In no case does copyright protection for an original work of authorship extend to any idea, procedure, process, system, method of operation, concept, principle, or discovery, regardless of the form in which it is described, explained, illustrated, or embodied in such work.

17 U.S.C. § 102(b).

On the other hand, although the phrase “literary work” may not seem totally apposite The Bluebook is surely an “original work of authorship … fixed in [a] tangible medium of expression.” So long as a competing work (the ALWD Guide to Legal Citation or Introduction to Basic Legal Citation, for that matter) avoids employing the specific means used by The Bluebook to explain how to cite (e.g., its words, phrases, selected examples) that work can instruct readers on how to produce citations identical to those generated by careful use of The Bluebook. The same holds for citation software or online data vendors. Both Lexis Advance and WestlawNext generate citations that are included with material copied from their collections. Users have a choice among several different formats. “Bluebook” style appears on neither list, the default format for both being labeled “Standard”. Yet for important categories of material the “Standard” format that both produce conforms to the conventions set out in The Bluebook. Can these and other online data vendors deliver Bluebook citations without the permission of the book’s copyright holder? Surely, they can even though the reference book itself is covered by copyright and the distribution of verbatim copies is, for that reason, problematic.

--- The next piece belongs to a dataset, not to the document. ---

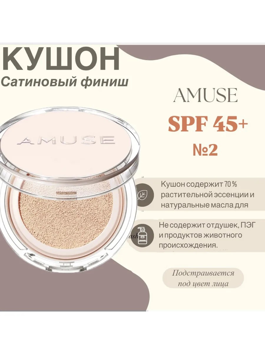 AMUSE Кушон увлажняющий с сатиновым финишем с SPF 45+ Веган № 2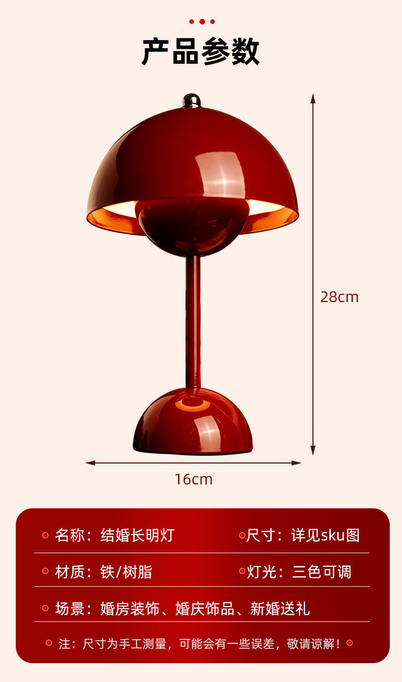 Practical Wedding Gifts for the Newlyweds, Red Bedside Table Lamps, a Pair of Wedding Arrangements, Everlasting Lamps, Wedding Room Decorations

3. The terms and conditions of use agreed to by users of The Bluebook Online and related aps

Those who click rather than page their way into the content of The Bluebook at www.legalbluebook.com are told that by doing so they agree not to display its trademarks without prior written approval or “create derivative works from, distribute, perform, display, incorporate into another website, or in any other way exploit the information …[it contains], in whole or in part.” Apparently, while those that run The Bluebook enterprise take the IP rights represented by the circled “C” and circled “R” very seriously, they are not content to leave their proprietary claims to the contours of copyright and trademark law.

4. And who holds these IP rights with the right to license their use or sue for infringement?

There is no Bluebook Inc. The Bluebook‘s copyright notice and registration list four separate entities as owners: the Columbia Law Review Association, the Harvard Law Review Association, the University of Pennsylvania Law Review, and The Yale Law Journal. The same four appear on the trademark registration. Without knowing more about the agreements among these co-owners one can only speculate about how decisions might get made or, more likely, fail to get made.

Who at each of the four was responsible for deciding what to do with Frank Bennett’s email asking for assurance that his software wouldn’t infringe? Did his question even get beyond one.  Three of the journals are published by non-profit corporations.  The fourth, The University of Pennsylvania Law Review, is simply a university activity. Professor Bennett wrote one of the journals and heard back, ultimately, from one of its editors. Are such decisions really lodged in the hands of here-today, gone-tomorrow law students?

One intriguing possibility is that the governing body for any one of the four journals could license The Bluebook, that being the default rule with joint works of authorship. Could a venture guided by so many lawyers and soon-to-be lawyers have left the matter in that posture? On the other hand, if the four must come to an agreement among themselves when confronted with a Bluebook rights or licensing issue, the representation that “The law reviews are evaluating potential arrangements that would expand the availability of The Bluebook conventions ….” seems unlikely to yield results anytime soon.